I had a go at creating rules for two of these patterns. I tried to minimise the population that the corresponding metacells would have. In the metacell the rule is stored as a lookup table on a glider tape where each possible neighbourhood corresponds to a location on the tape and there are n gliders in that location if the metacell should go to state n. So we should try to use as few transitions as possible and try to prefer low numbered states.
Of course this is just scraping a few cells off a population of millions, but it's still satisfying.
Calcyman, do you know approximately at which point a metacell would achieve its minimum population? Presumably the population is always changing slightly as the tape runs through its snark loop. Would it be practical to run a metacell over the possible time interval in which the minimum population might be achieved in order to calculate its exact minimum population? (On the other hand we could say that we only care about bounding box rather than population, since the reverse caber-tosser gives us quadratic replicators, RROs and SMOSes with population 143. What's the minimal bounding box of the metacell? Does it depend on the rule?)
Quadratic replicatorCode: Select all
x = 1, y = 1, rule = MAPACAAAIAAAAAAAAAAAAAAAIAAAAAAAAAAAAAAAAAAAAAAAAAAAAAAAAAAAAAAAAAAAAAAAAAAAAAAAAAAAAAAAA
o!
I think this (or one of its rotations) is the minimum population quadratic replicator.

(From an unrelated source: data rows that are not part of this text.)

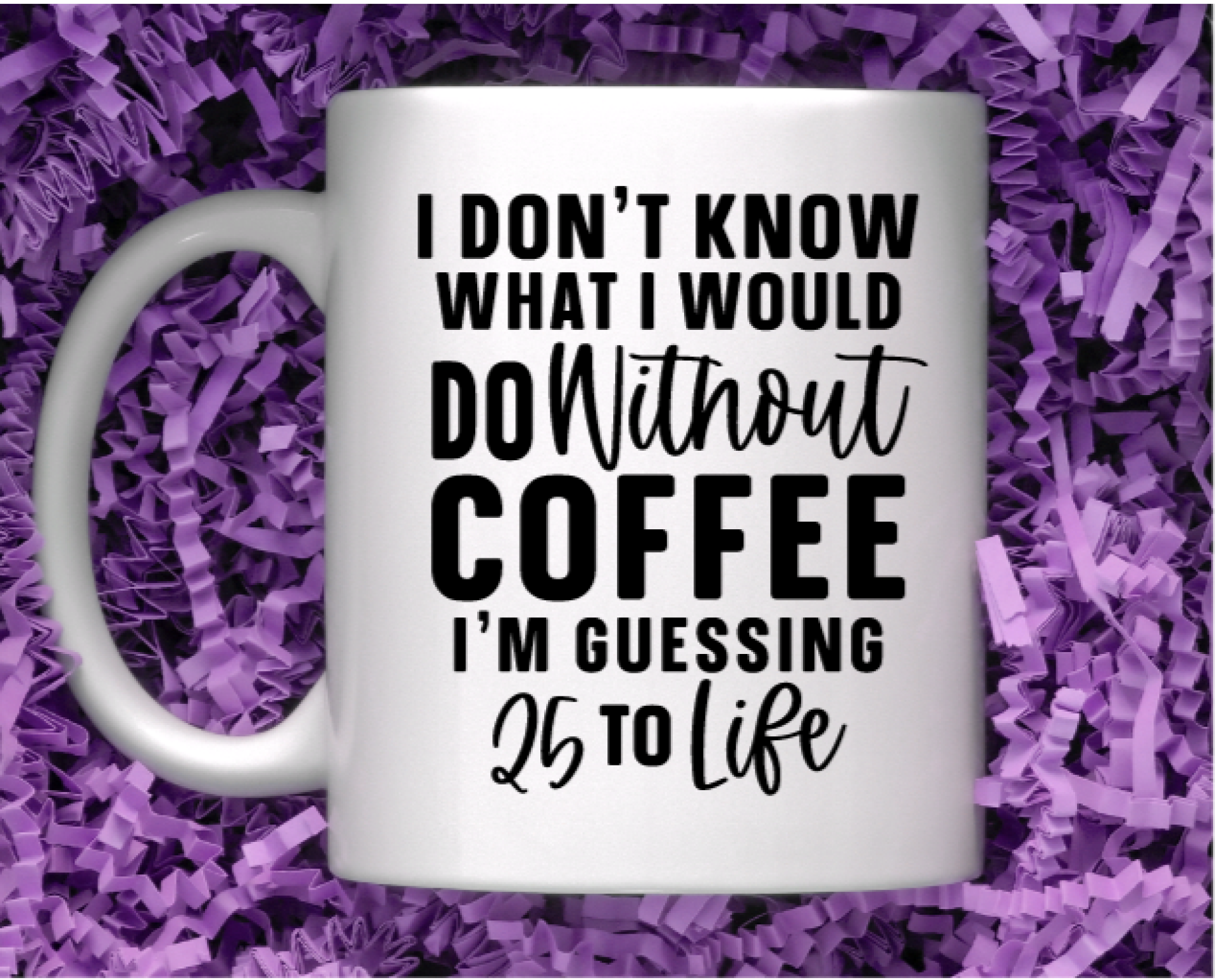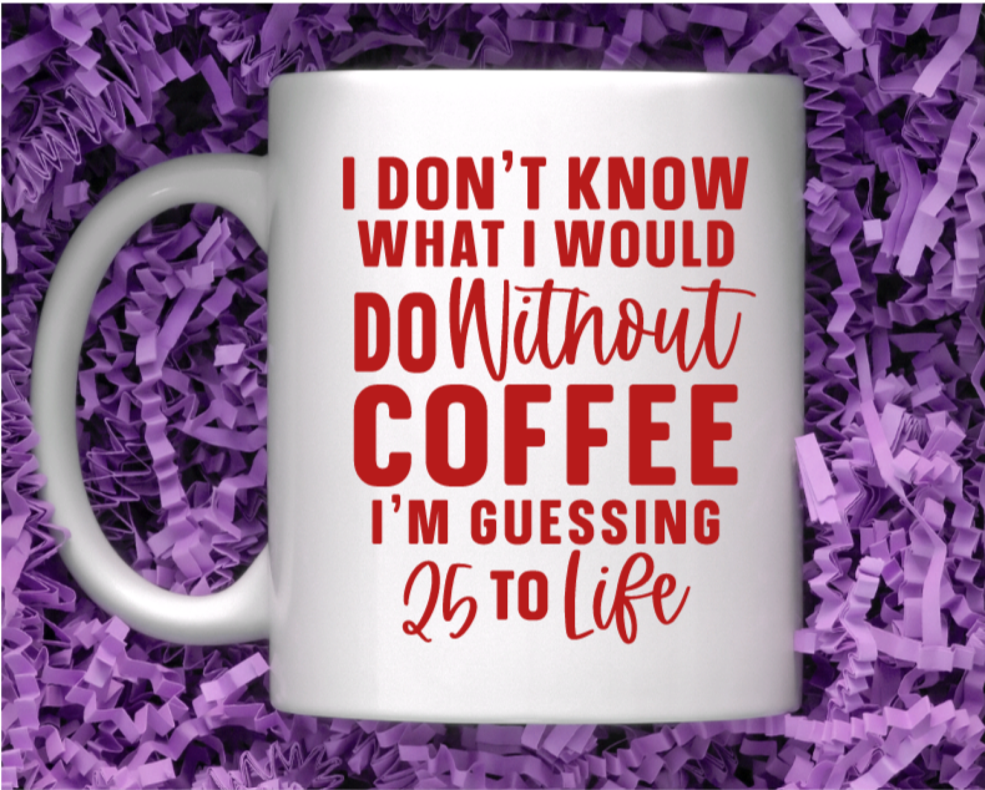 Design reads "I don't know what I'd do without coffee I'm guessing 25 to life"
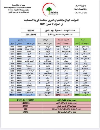 الصحة تسجل 6378 إصابة جديدة بكورونا
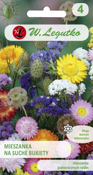 Mieszanka kilkunastu gatunków traw i roślin ozdobnych jednorocznych używanych do tworzenia suchych bukietów i kompozycji. Wysiew w kwietniu-maju wprost do gruntu w rozstawie 25 x 30 cm. Stanowisko słoneczne. Wysokość roślin 50 - 100 cm. Kwitną od lipca do późnej jesieni.
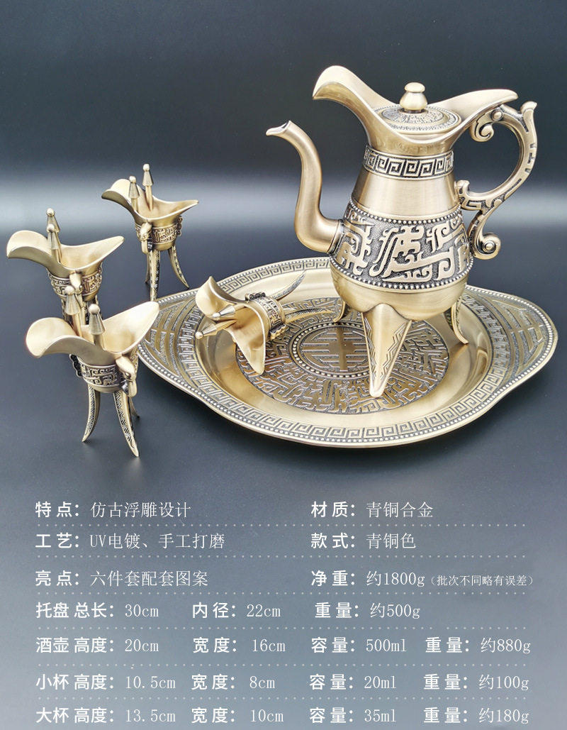 Spot wholesale bronze wine set wine dispenser Chinese liquor pot antique wine glass goblet wine bottle gift box

The rule says that you become live if you have a cell to your north only, a cell to your west only, or cells to your south and east only. It only uses one state and three transitions. You need at least three transitions to produce quadratic growth, and this is the only choice of three transitions that does so (the other possibility is the rule where a cell becomes live if it has one cell to its west, north or east, but this rule sierpinskis in such a way that its population returns infinitely often to three cells, meaning I'm not sure if it counts as a quadratic replicator).
SMOS
Code: Select all
@RULE metacell-SMOS0
@TABLE
n_states:4
neighborhood:vonNeumann
symmetries:none
var a={0,1,2,3}
var b={0,1,2,3}
var c={0,1,2,3}
var d={0,1,2,3}
var e={0,1,2,3}
var f={1,2,3}
f,a,b,c,d,0
0,2,0,0,1,3
0,3,0,0,0,1
0,0,0,0,3,2
0,2,0,0,0,2
0,0,0,0,1,1
a,b,c,d,e,0
Code: Select all
x = 5, y = 5, rule = metacell-SMOS0
4.B4$A!
This is a one-cell SMOS using only five transitions. I suspect this is minimal but I can't prove it. I'm also not quite sure if this is the minimum-population way to number the states in this rule. I have the one-cell state being state 3 and the two ships being states 1 and 2, which only puts 9 gliders on the rule tape. But the metacell must store its own state somewhere. Depending on how efficient this storage is it might be better to have the one-cell state be state 1 and the other two states be 2 and 3, even though this would put 11 gliders on the tape.
RRO
This seems really tricky, I'm stumped. I can't even write down a super inefficient one using one of
2718281828's isotropic RROs, because I can't get four (or even two) of those to orbit together in the way I described above.